Like so many recent creations, Dragons (which Ahn brings to London and Manchester this month) was conceived before the pandemic, only to be transformed by it. Having previously worked on a series of pieces about different generations in Korea (Dancing Grandmothers, Dancing Middle-Aged Men and Dancing Teen Teen), Ahn had the idea of working with a pan-Asian cast, all born in 2000 – the year of the dragon.

Auditions had just finished when the pandemic hit. The dancers – from Indonesia, Taiwan, Japan, Malaysia and South Korea – ended up rehearsing via video link. When restrictions eased a little, Ahn couriered costumes to the dancers and arranged camera units to go to each location to make 3D holographic recordings of each dancer, in specially set up studios. It was laborious, time-consuming, expensive and unpredictable. “I thought I would die first,” remembers Ahn.

Two years later, Ahn was able to incorporate the virtual presence of her isolated, far-flung cast with live choreography for seven dancers in Seoul, and Dragons was born. What can we expect? Tumbling dance; holographic choreography that juggles speed, scale and illusion; psychedelic video projections; a profusion of costumes and swirling fabrics; silver tentacles; giant Slinkys – and colour, lots of colour.

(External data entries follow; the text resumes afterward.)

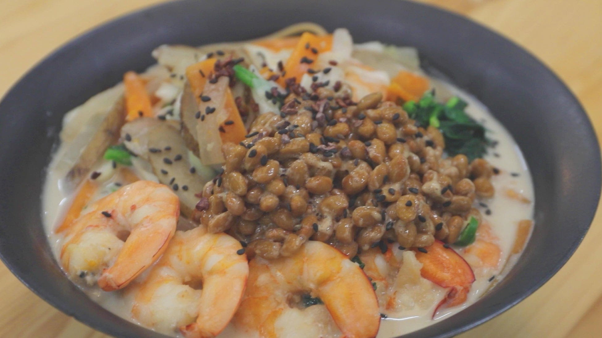 シェフのヒカルによれば、納豆の「プロバイオティクス効果」で腸内環境を整え、善玉菌を増やし、悪玉菌を減らすことができる「罪悪感のない」夜遅くのラーメン、とのだそうですが…
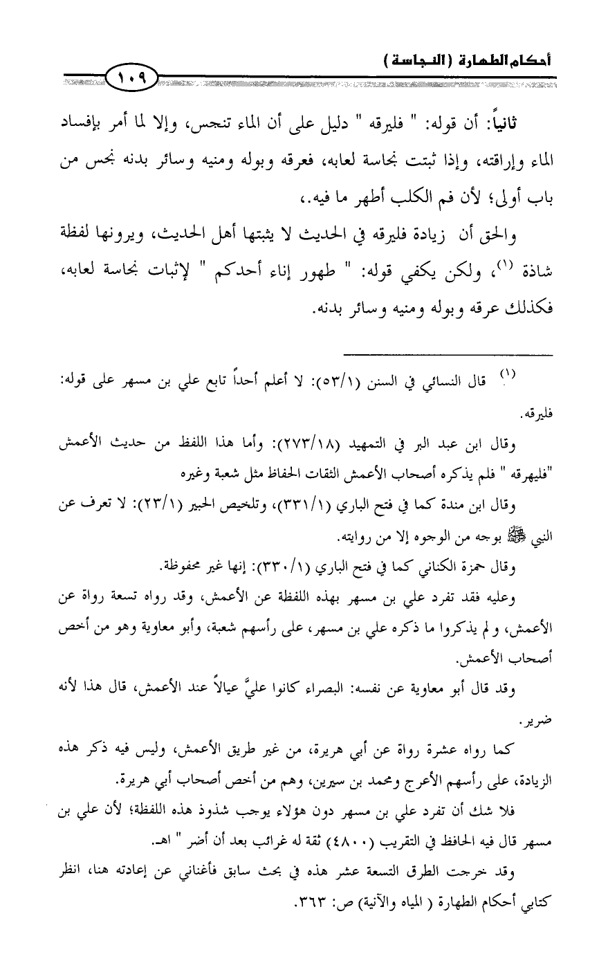 (¬1) قال النسائي في السنن (1/ 53): لا أعلم أحداً تابع علي بن مسهر على قوله: فليرقه.
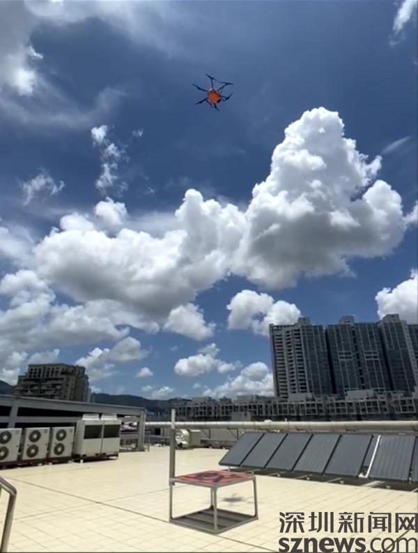 無(wú)人機(jī)降落在羅湖醫(yī)院集團(tuán)醫(yī)學(xué)檢驗(yàn)中心停機(jī)坪。
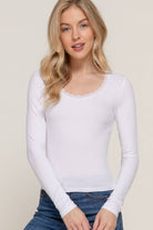 Active Basic | Active USA - Long Sleeve Scoop Neck with Lace Trim Rib Knit Top in White

“Asian culture uses many colours,” says Ahn. “We need colour: it’s energy.” And what of the dragons of the title? “There are millions of dragon stories in Asia,” she says. “It’s not a monster, like in the west. The dragon can be many things at once. It can be an animal or an element – or the internet. It can be clever, or cute. Or fight, or protect. It can go under the water and over the sky.”

Are Ahn’s 21st-century pan-Asian dancers, digitally teleported into the theatre, our present-day dragons? By way of response, she ripples her arms and fingers to suggest the mercurial motion of indefinable, ungraspable beings, saying: “I think their future will be like that.” It’s a bright, unbounded vision, far from the issues and the angst more common to today’s contemporary dance, and as Ahn twirls and beams before me, I find myself almost wanting to believe it.

  • Eun-Me Ahn: Dragons is at the Barbican, London, 20-23 September and the Lowry, Salford, 26-27 September. Sanjoy Roy’s trip to Amsterdam was provided by the Barbican.